We all have a bit of irrationality in us. Even if we think of ourselves as logical and deliberative, we still make decisions and judgments, based not entirely on the facts of the matter, but upon seemingly inconsequential information, random cues that we take from the world around us.

Some of our irrational thinking is just quirky. For example, simply reading food labels in a difficult-to-read typeface can make us more fearful of food additives, while an easy-to-read label can diminish our perception of risk. We are more reluctant to ride roller coasters—and even to invest in new companies—with difficult-to-pronounce names. In general, we like more—and fear less—anything that we can perceive and mentally process with ease.

Psychological scientists call this the familiarity heuristic, or the fluency bias. Ease of cognitive processing is a powerful cognitive cue to what’s familiar, and familiarity distinguishes the safe and good from the perilous. Sometimes these irrational judgments go beyond the merely quirky, and indeed can have serious consequences.

That’s the view of two UCLA scientists, David Lick and Kerri Johnson, who have been investigating the ways that familiarity and fluency, as cognitive cues, might skew our interpersonal judgments. Specifically, they believe that fluency and familiarity might play a significant part in personal prejudice, operating at the most basic cognitive level. They summarize their work, and that of others, in a forthcoming issue of the journal Current Directions in Psychological Science.

Here’s an example, having to do with the most fundamental kind of perception. We all categorize people who we encounter—put them in boxes like gay or intelligent or masculine or white. It’s simplistic to pigeonhole complex human beings, but it’s one of the tools we have for making quick sense of the world.  When Lick and Johnson studied this social categorization in the laboratory, they found that people categorized as gay were viewed less favorably than people categorized as straight, in part because their sexual orientation and gendered appearance were processed more slowly. Similarly, others have shown that biracial faces were seen as less attractive—and less favorably in general—when people had trouble classifying them by race. This line of research suggests that the fluency with which people sort others into boxes—this basically irrelevant clue powerfully shapes first impressions. In other words, sexual minorities and biracial people may experience prejudice simply because they pose a perceptual processing problem.

Vision is just one sensory process that is skewed by this cognitive bias. In another study, subjects judged the trustworthiness of English speakers, some of whom had a mild or heavy accent. They were less apt to believe statements uttered with accents, compared with the same statements in unaccented speech—and it was clearly the processing difficulty that was shaping these judgments. Similarly, another study found that people with difficult-to-pronounce names were judged to be less likeable than people with easy-to-say names. These findings are not confined to the lab either. In a naturalistic study, attorneys with difficult names held inferior positions in their firms, compared to attorneys with easy names.

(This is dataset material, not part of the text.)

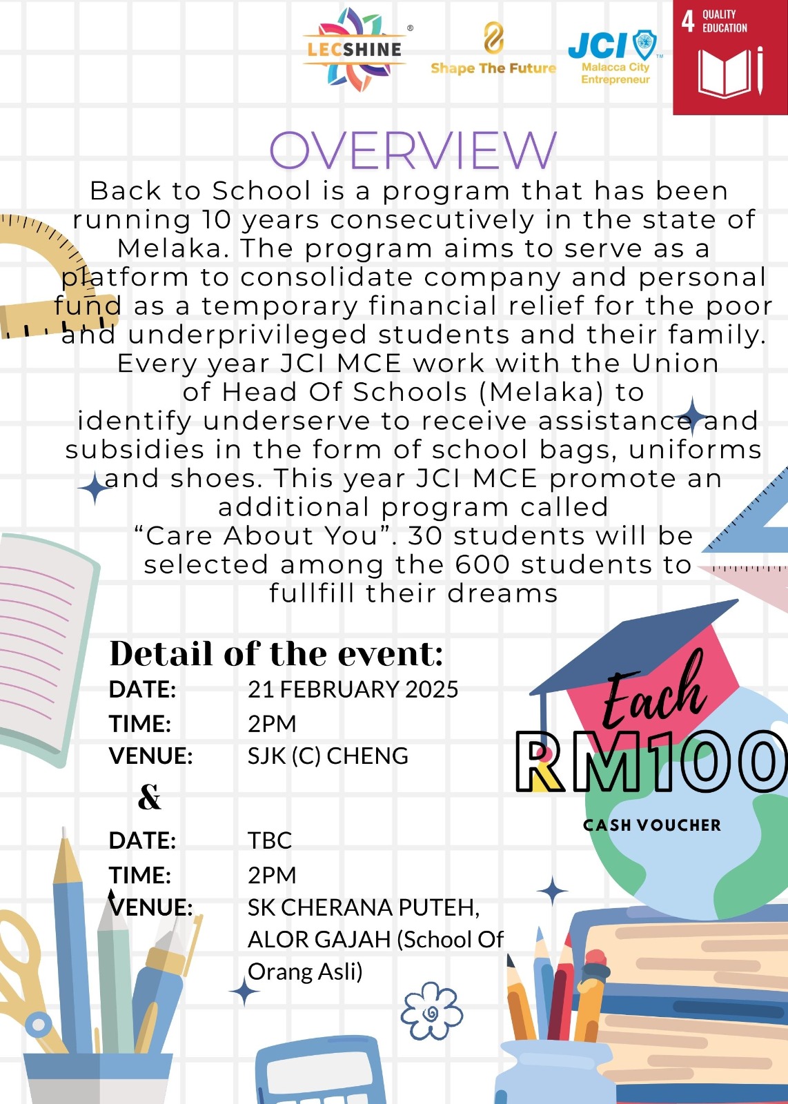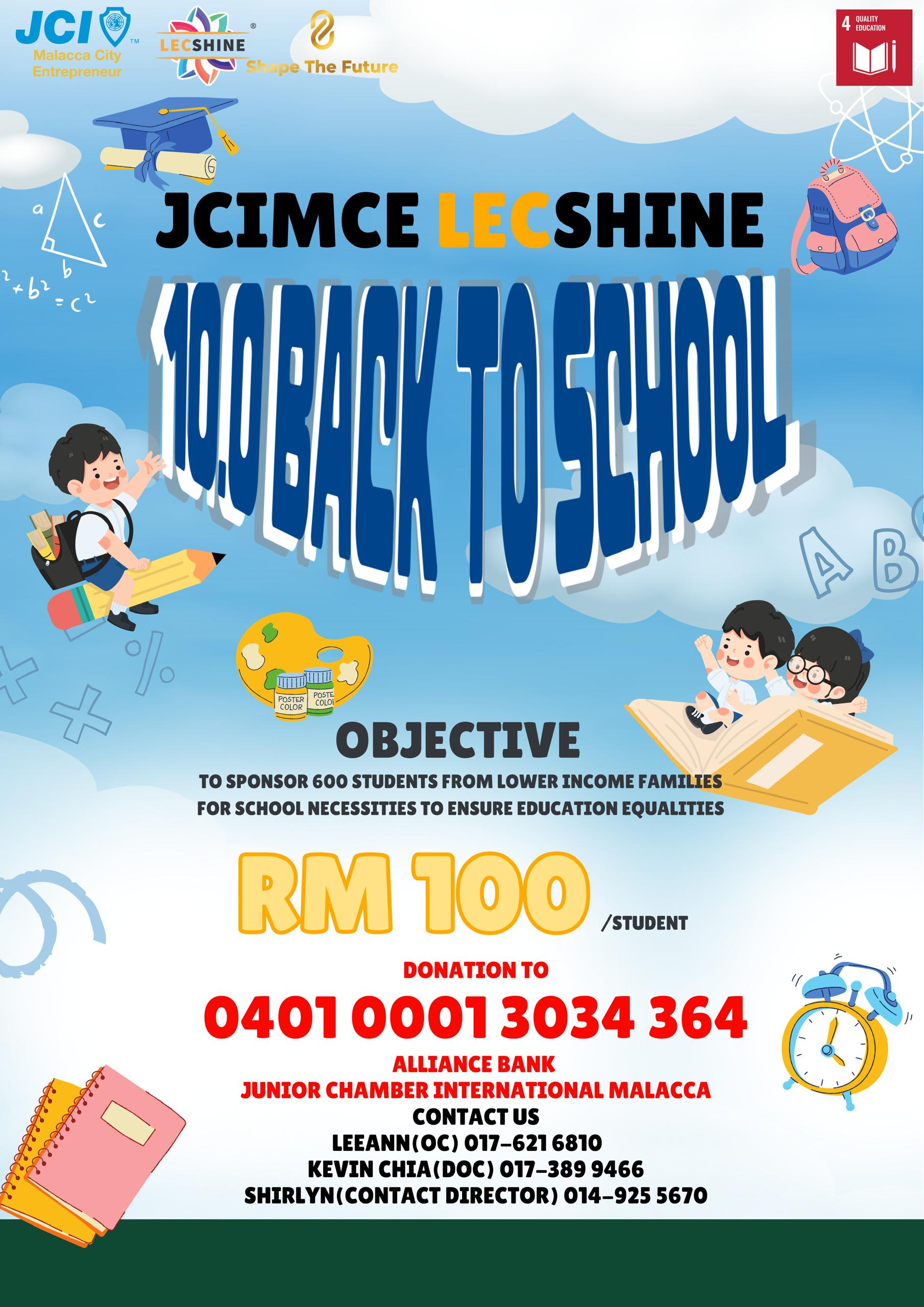 Every RM100 you donated will be given to a under pervilage students.

In yet another study, racially diverse subjects who had trouble communicating with each other electronically—a manipulation to make communication cognitively difficult—had less interest in future interactions, compared to those with smooth interaction. Importantly, these fluency effects appeared only in interracial encounters. Fluency had no influence on the desire to interact with others of the same race, indicating that this potent cognitive bias is especially consequential in the judgments of out-group members.

So it seems that when we perceive and process other people with ease, we judge them favorably. When we have difficulty—for whatever reason—we judge them negatively. Since our perceptual system is called upon to make near-constant judgments in a complex world, it’s unsurprising that we use mental tools to simplify this overwhelming task. Yet as helpful as these tools may be for making quick sense of the world, this cognitive machinery underlies the pervasive and hateful prejudices that fuel everything from overt discrimination to genocide.